The same may be unfortunately true of the infamous Matthew Shepard case. The savagely murdered gay youth was probably not, as we were told for years, the victim of the rage of Wyoming redneck homophobes, energized in their hatred by the sexual prejudices of an intolerant culture. The truth was more complicated, though Shepard’s fate just as tragic.

A 13-year-long investigation by a gay writer, who reexamined the Shepard case with the intention of writing a screenplay, instead suggests that it might be more likely that Shepard was cruelly tortured and beaten into a coma by methamphetamine-crazed psychotics, who may on prior occasions have shared their drug use with Shepard and intended to rob him. For all their crude macho talk, the two evil perpetrators may have been bisexual themselves.
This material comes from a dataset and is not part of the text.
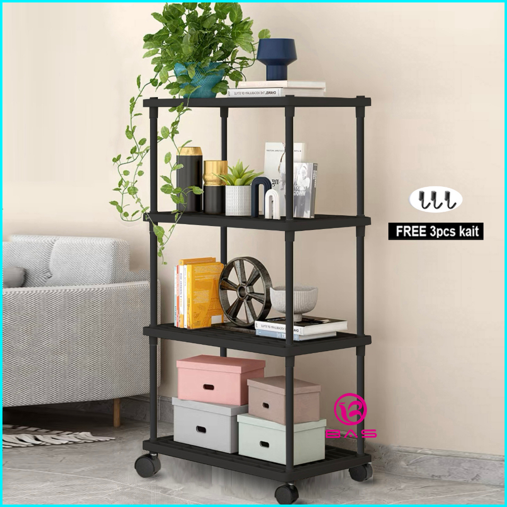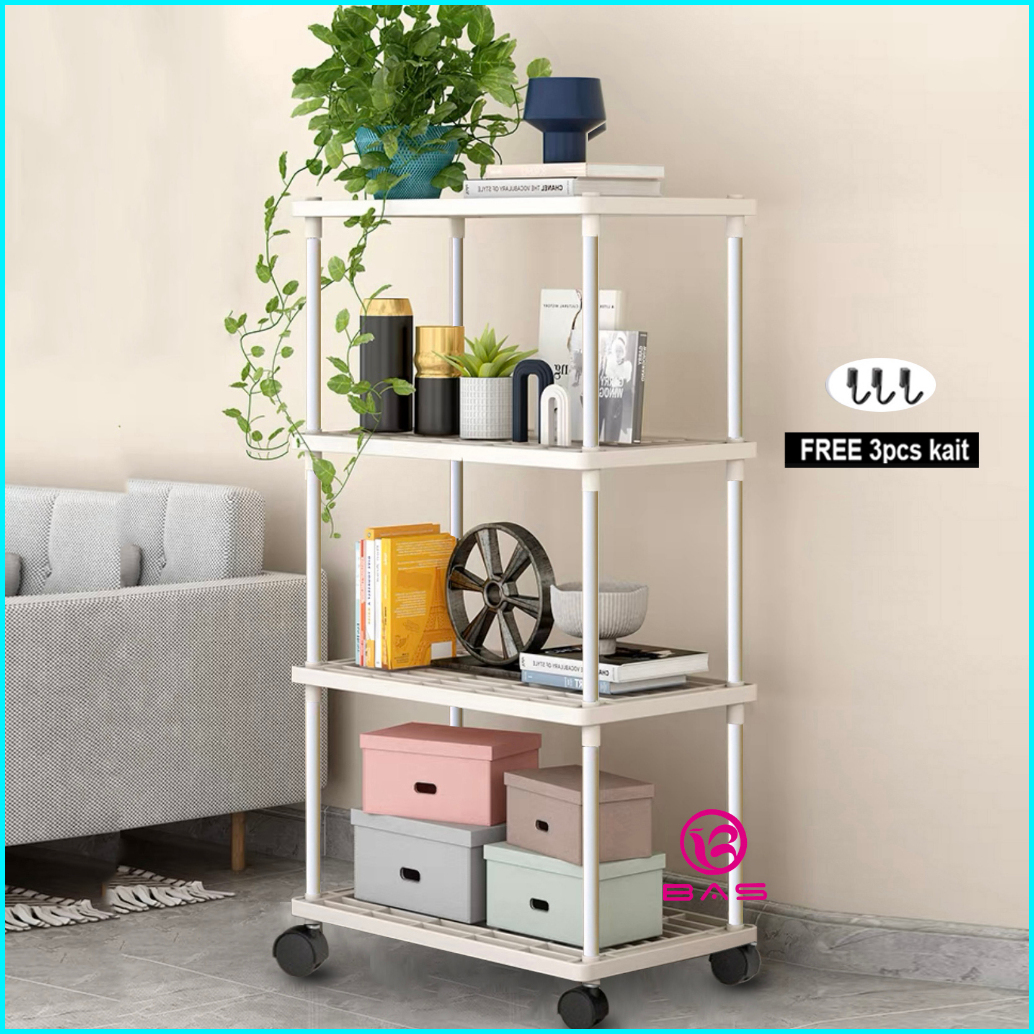 Bas Rak Susun Serbaguna Rak Dapur Plastik Rak Kamar Mandi 4 Tingkat Free 3 Cantolan Dengan Roda

Shepard’s own homosexuality, in other words, seems to have been incidental to, not the cause of, his lamentable death. If Shepard’s sad fate must be an icon of anything, it more likely serves as a warning that the vicious meth cartels in rural America are out of control, and the addicted can ensnare and murder anyone, including naïve college students. Again, no matter — what was false has served noble purposes in a way that what was true will not.